Our conversation was at first in Italian ; but when a French lady arrived to join our party, it changed to French, both of which languages she spoke with an eloquence rarely equalled; and her whole discourse seemed to be composed of “thoughts that breathe and words that burn.” She spoke with great feeling, of the degraded and oppressed condition of her beloved country, Italy; and suppressed with some difficulty the emotion under which she was evidently struggling, when she said she had bidden it an eternal adieu! She expressed herself surprised and delighted at the grandeur and extent of the territory occupied by the several States of this great Republican Union; and charmed with all she had yet seen of the workings of its political system, in which freedom of sentiment and freedom of expression was enjoyed by all on topics of religion and government, and the freest exercise allowed to enterprize and industry in every branch of human undertaking. This was a state of things so new to her sight and experience, though often read of in books, dreamt of in theory, and hoped for in her aspirations after Italian liberty, but never before realized within her actual vision, that she sometimes doubted whether all she saw around her was real, or merely an allusion. Sometimes she dreaded, too, lest so fair a fabric should be prematurely undermined by some destroying principle, or some corrupting power, and thus the great example of self-government which it was exhibiting to the world, be frustrated or destroyed, before the enemies of human liberty would allow its grand experiment to be completed. Her grief, at seeing the continued existence, and hearing the continued defence of negro slavery, was the only drawback to her satisfaction; but this she condemned in terms of just indignation, and admitted, that with all their many claims to admiration, the Americans could never be recognized as a great or truly free people, until they should put away this reproach from them, by emancipating their slaves.

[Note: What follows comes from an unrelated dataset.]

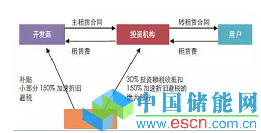 在轉(zhuǎn)租模式下,投資機構(gòu)與開發(fā)商(Solarcity)簽訂主租賃合同,租賃開發(fā)商承建的電站,然后投資機構(gòu)再將光伏電站轉(zhuǎn)租給用戶。在這一模式下,投資機構(gòu)收益的主要來源為用戶租金,30%的投資稅收減免以及加速折舊避稅絕大部分;開發(fā)商(Solarcity)的來源則主要為投資機構(gòu)支付的租賃費、電價補貼、加速折舊避稅的小部分。

Since my favoured and happy residence with Lady Hester Stanhope, in the mountains of Palestine, I had never witnessed so noble a union of high birth, mental power, lofty aspirations, and generous impulses, blended with so much refinement of manners, and the whole crowned by the utmost affability and kindness, as in the person of America Vespucei. It is not too much to say of her, that there is no throne in Europe, which she would not elevate by her wisdom; no court which she would not adorn by her manners; no family, that she would not delight by her conversation; and no man, however noble in birth, profound in erudition, high in station, or opulent in fortune, to whom she would not be a source of intellectual and social enjoyment, if he could but win her respect and confidence, and become the object of her esteem as well as of her affections.
The Slave States of America by James Silk Buckingham, 1842.